Well, it did weaken a little ahead of the expected 2pm speech, trading around R18.50/$ by 2pm and it then went on to lose another 5c.

Yet by Friday morning, as I am writing this piece, it is trading at R18.33/$.

In other words getting the prediction right is only half the job; knowing what will happen then is the other half, and it’s no easier.

The reality is that investing is in many ways about predicting. What will your favourite stock’s revenue do? Will margins, and hence profits, expand? What will the dividend be?

That’s a lot of predicting and we have all seen great results from a stock, only to be  followed by a lower share price as the market focused on something other than just revenue and profit growth.

So how do we manage this? Instead of trying to make short-term predictions we should rather focus on big longer-term trends.

For example, one prediction we can make with ease is that people will eat; we have to to survive. So food retailers and producers must be a decent space for investing.

But which food retailer? The answer here is easy (to my mind): buy the best, which remains head and shoulders above the rest — Shoprite*.

Next comes the price.

I have written before that the only two things we control in investing is what to buy and what price to pay.

So we need to decide what we consider a fair price we’re prepared to pay for Shoprite and then we wait for the actual price to reach that amount.

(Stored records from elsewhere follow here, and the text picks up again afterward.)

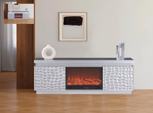 Measurements: 70" W x 16" D x 31" H Features: Made of MDF, Glass, veneer, resin, and metal Screen type - Glass Blue ToothSpeakers Remote...
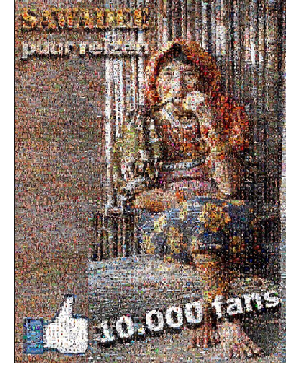 Ik ben erg benieuwd hoe Sawadee de mozaiek heeft gemaakt. Wij willen een soortgelijke poster maken voor onze website met alle fans maar op internet kan ik er geen programma voor vinden en ik denk niet dat dit handenarbeid is… Ik ben benieuwd!
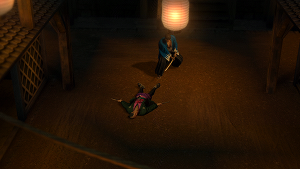 When Ryoma gets upstairs, it continues on from the opening cutscene, where he kills this other "Sakamoto Ryoma". Nakaoka tells Ryoma that it turns out the enemy saw through their plan and used their own trap against them! The Mimawarigumi have the place surrounded; Katsura and Saigo managed to escape, but Nakaoka didn't get so lucky. Then Ryoma turns and sees Takechi Hanpeita standing alongside Sasaki and Ito. Hanpeita says Ryoma must have a lot he wants to talk about - such as why he had Yoshida Toyo killed and why he'd been using the name "Sakamoto Ryoma". Ryoma, upset and angry with Takechi, has a speech about why things had to end up this way and how he hates him for this - hates him so much he wants to kill him - and then lunges at him with his sword, but Sasaki and Ito stop him. Takechi tells him he has one "final job" he needs Ryoma to do. He leaves, telling Ryoma he will be waiting for him at Tosa and that everything will be clear to him when he comes. After the 3 of them are gone, Hijikata, Nagakura and Okita enter the room. They see the body of (fake) "Sakamoto Ryoma" on the floor, but they see that it's not the same man as the one in the photograph they saw. Okita asks Ryoma what the hell happened in here. Ryoma, being as cryptic as he can, tells them the man called "Sakamoto Ryoma" is dead - he just died right here in this room.
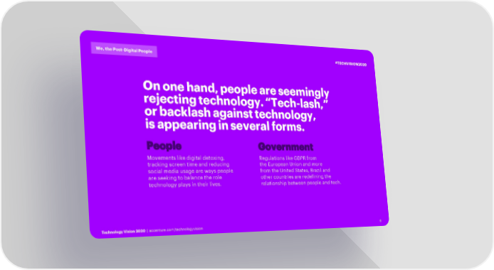 We, the Post-Digital People #TECHVISION2020 On one hand, people are seemingly rejecting technology. “Tech-lash,” or backlash against technology, is appearing in several forms. People Government Movements like digital detoxing, Regulations like GDPR from tracking screen time and reducing the European Union and more social media usage are ways people from the United States, Brazil and are seeking to balance the role other countries are redefining the technology plays in their lives. relationship between people and tech. Technology Vision 2020 | accenture.com/technologyvision 6
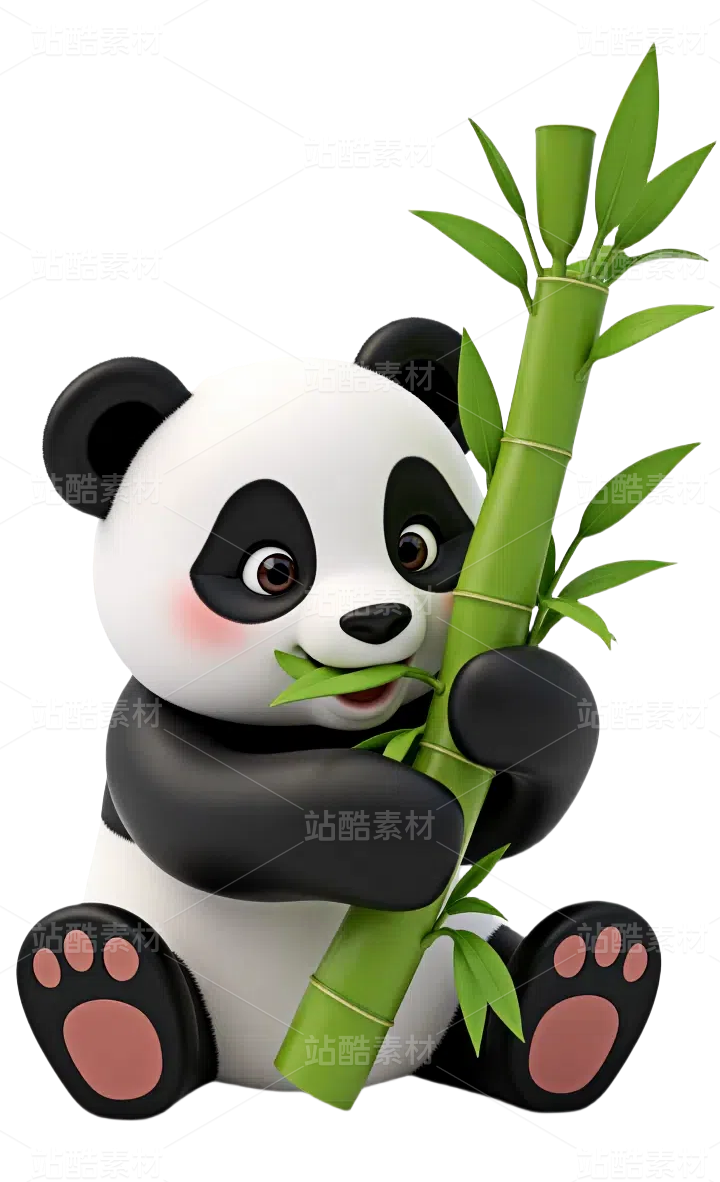 3D风格 大熊猫吃竹子地球日濒危保护动物 免抠免费海报

What we’ve essentially done is try to remove the need for big predictions and then follow up what happens if we’re right. We keep it simple with trends that are easier to spot and long term in nature. Then we find the winners within that trend and focus on paying the right price. We’ll still get it wrong at times, but smaller decisions are easier and less risky to our portfolios.

As a last point: food producers. Yes, we need to eat but the producers get squeezed from both sides. Input costs are beyond their control and can squeeze margins while the retailers are always trying to get a better price. So, yes, we need to eat but food producers are not necessarily that profitable.